Plus, I love cemetaries. When I travelled for my job a lot, I often stopped in small cemetaries to write up my reports. I always imagined that some of those lingering there might like a little company. And I'm pretty good company!

I have many family members buried at Jefferson Barracks and thought I live out of town and was not able to visit the cemetery this Memorial Day, I want to say thank you to you and your family for taking part in remembering and honoring those who served our country and have their final resting place there.

Cheeks!! Running in the rain, holding a bunch of our beloved flags, grinning, front teeth shining. What an awesome picture!
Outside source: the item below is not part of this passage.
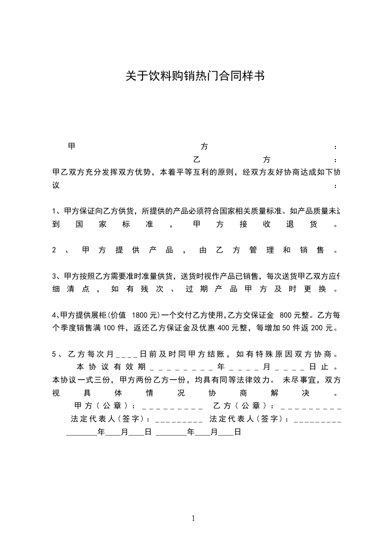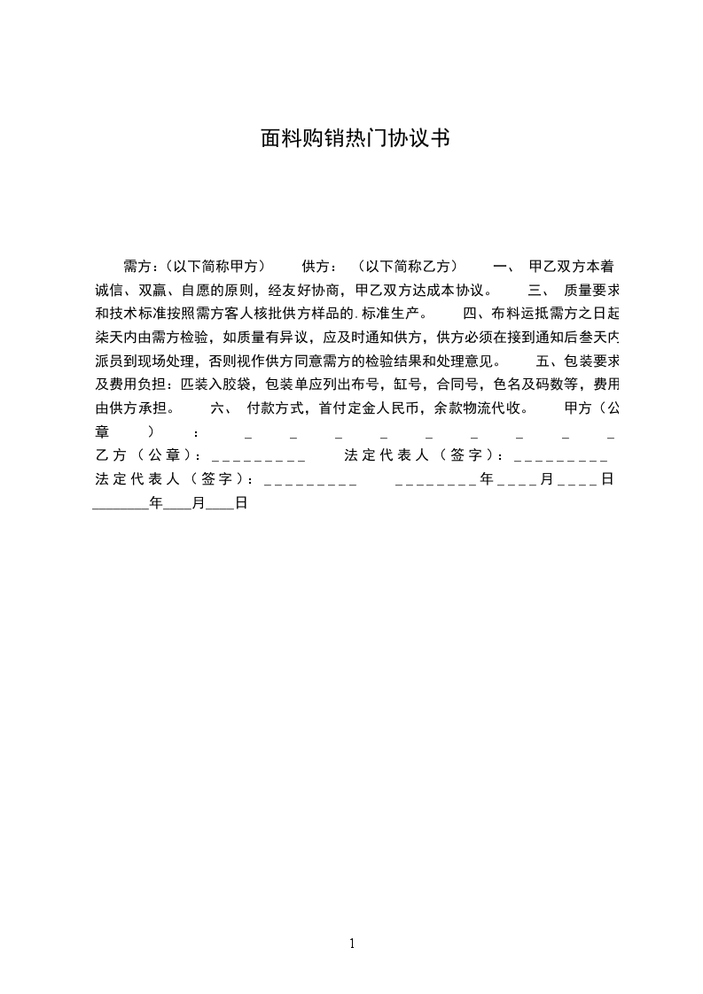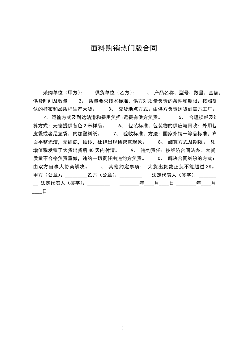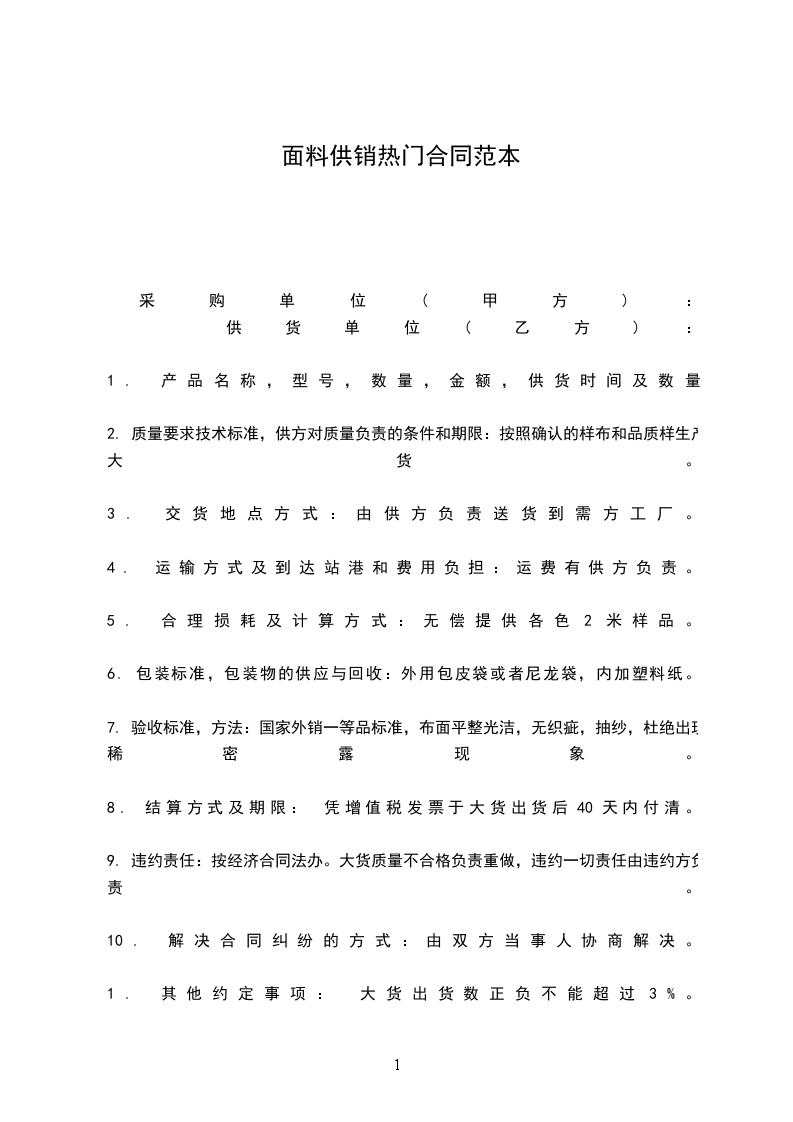 采购单位(甲方): 供货单位(乙方): 、 产品名称,型号,数量,金额,供货时间及数量 2、 质量要求技术标准,供方对质量负责的条件和期限:按照确认的样布和品质样生产大货。 3、 交货地点方式:由供方负责送货到需方工厂。 4、 运输方式及到达站港和费用负担:运费有供方负责。 5、 合理损耗及计算方式:无偿提供各色2米样品。 6、 包装标准,包装物的供应与回收:外用包皮袋或者尼龙袋,内加塑料纸。 7、 验收标准,方法:国家外销一等品标准,布面平整光洁,无织疵,抽纱,杜绝出现稀密露现象。 8、 结算方式及期限: 凭增值税发票于大货出货后40天内付清。 9、 违约责任:按经济合同法办。大货质量不合格负责重做,违约一切责任由违约方负责。 0、 解决合同纠纷的方式:由双方当事人协商解决。 、 其他约定事项: 大货出货数正负不能超过3%。 甲方(公章):_________乙方(公章):_________ 法定代表人(签字):_________ 法定代表人(签字):_________ ________年____月____日 ________年____月____日

Dana - feel free to not put this through since it has nothing to do with the post, but I just started using twitter and replied @Mamalogues to your Liam/Foreigner tweet. If you aren't following my twitter stream - do you see that?

What a awesome thing to introduce your boys to! Are you planning on making it a tradition? I love the pictures. You are a talented writer and photographer as well.

I always skip Memorial day at JB due to the crowds. I do however, every June 6, (D-Day) lay flowers on the grave of a group of Paratroopers killed on D-Day in France (the wreck is depicted in the HBO mini-series Band of Brothers, you wanna cry and feel proud watch that series). I figure someone has to remember them. Anyway, the place is awe inspiring and your photo's capture the moment!

Beautiful photos, Dana. My Grandma Adele and Grandpa Norm are buried there.

Thank you to you and your boys for participating and for posting the pictures. My father passed away in January and is buried at Jefferson Barracks. I haven't been able to make it there yet to visit his grave (it's a long story, but he wasn't buried for more than a week after his funeral and I haven't been back to St. Louis since when it wasn't either snowing or raining) but my mom went for the first time on Sunday and took some wonderful pictures. It truly is amazing to see all of the graves decorated with their flags.

First--if I ever met Chris in real life, I'd have to resist the urge to squeeze his cheeks-he's like a larger sized Ewan!

Your photos are fabulous. My grandpa and dad are buried there only a few rows apart, even though their deaths are separated by 2 years. It has been a year since my dad's death and I have not been able to bring myself to visit. Thanks for honoring their memory.

Stunning pics. I really liked this post. The heavens opening to mourn the war dead is a particularly moving thought.

What kind of camera do you use?

Those shots are amazing; got me in the throat.

You create such beautiful imagery and your pictures intensify the reading experience so much so that I was caught off-guard by the tears that welled up. Thank you for sharing this meaningful experience and reminding us all of the true cost of the freedoms we so enjoy today.